Given material:

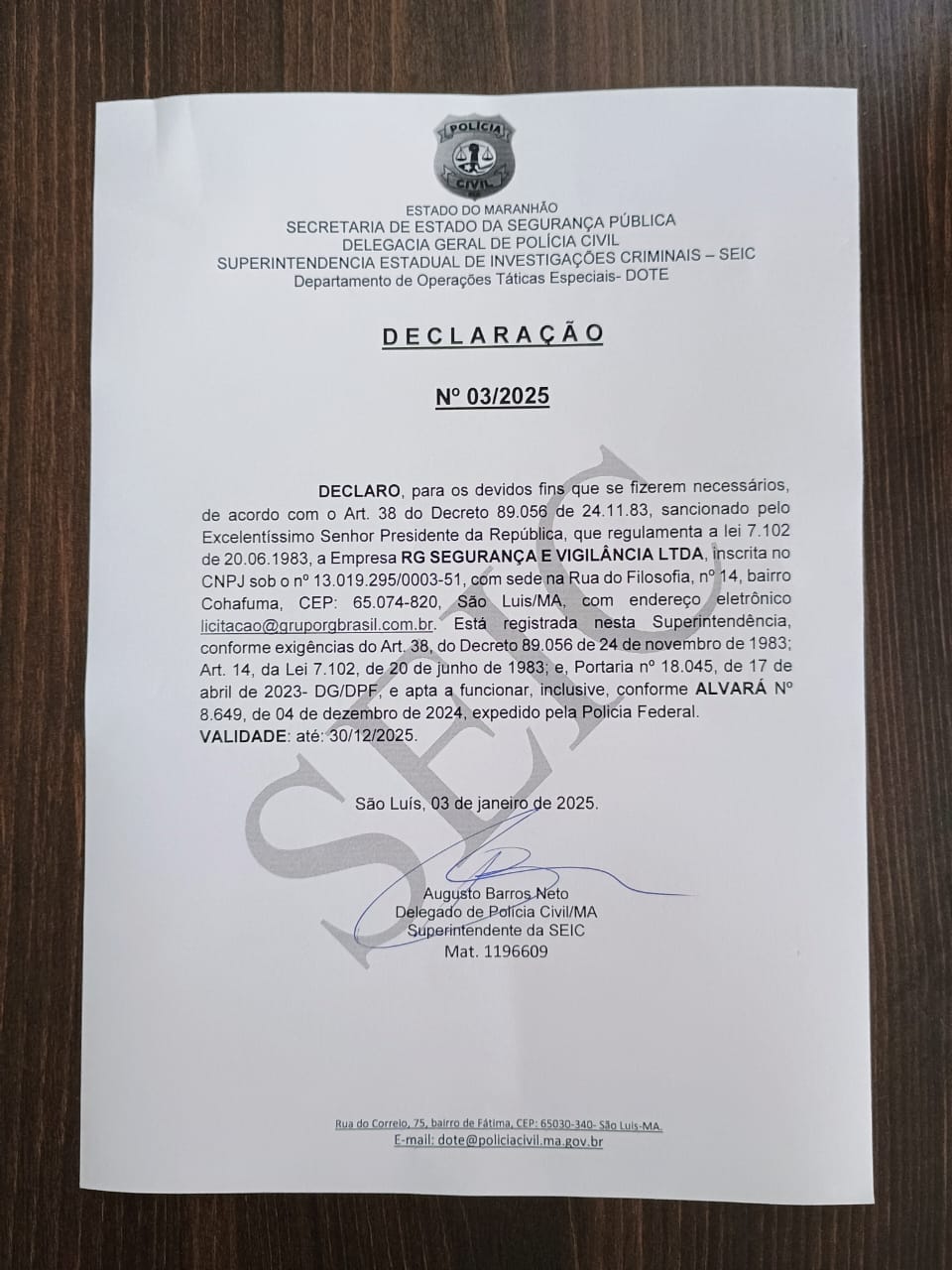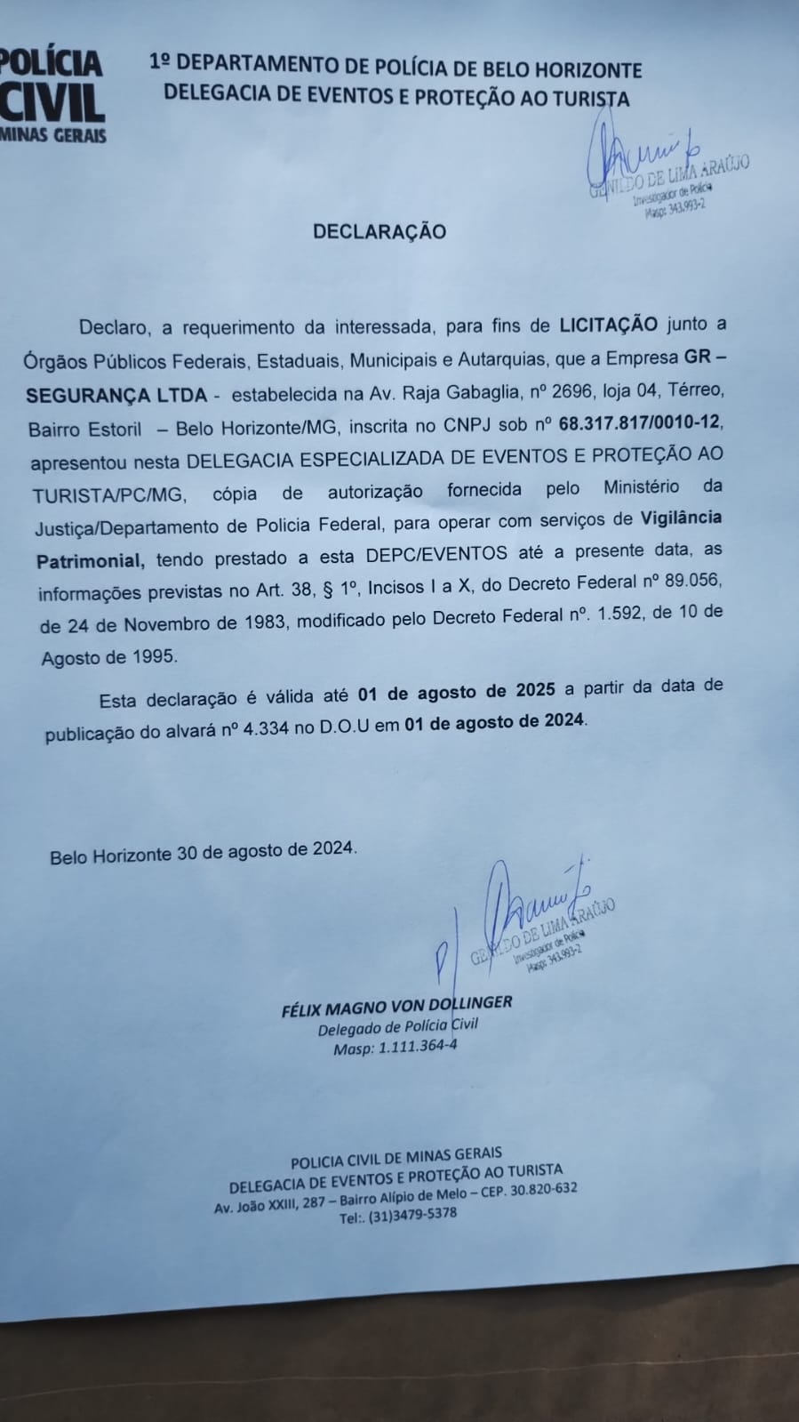 >> Maranhão >> Piauí >> Amazonas >> Minas Gerais >> Rio de Janeiro >> Bahia >> São Paulo >> Pará >> Ceará >> Pernambuco >> Espírito SantoO GRUPO GR possui Certificados de Regularidade para atuar com Segurança Privada:
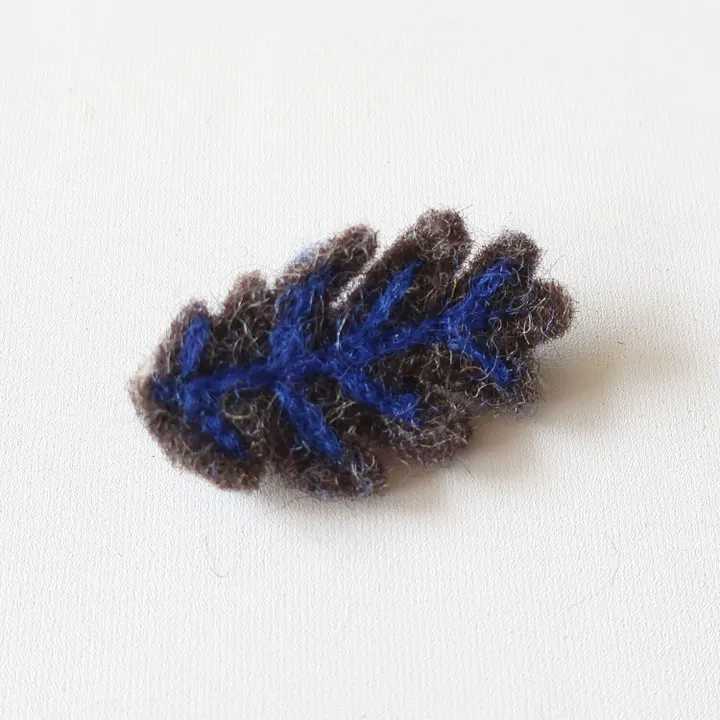 カシワの葉をイメージしたフェルトブローチ。葉と葉脈の楽しい色合わせが◎帽子につけたり、コートのワンポイントにも。
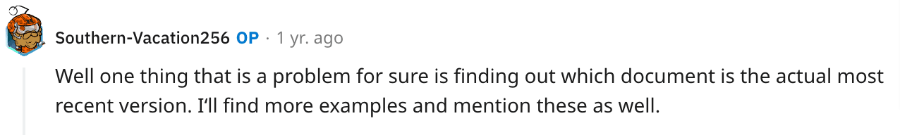 Considering all these iterations, it can be challenging to identify the most recent document version. This is a significant issue—one that was also discussed in a recent Reddit thread.
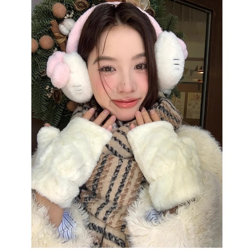만화 고양이 봉제 귀마개 여성 2024 새로운 학생 승마 기모 이어폰 귀 따뜻한 귀 가방

Task item: Give back the lines word for word, from the very first in the material above to the one that has "カシワの葉をイメージしたフェ", both included, without the pictures.

Answer for the task:
 >> Maranhão >> Piauí >> Amazonas >> Minas Gerais >> Rio de Janeiro >> Bahia >> São Paulo >> Pará >> Ceará >> Pernambuco >> Espírito SantoO GRUPO GR possui Certificados de Regularidade para atuar com Segurança Privada:
 カシワの葉をイメージしたフェルトブローチ。葉と葉脈の楽しい色合わせが◎帽子につけたり、コートのワンポイントにも。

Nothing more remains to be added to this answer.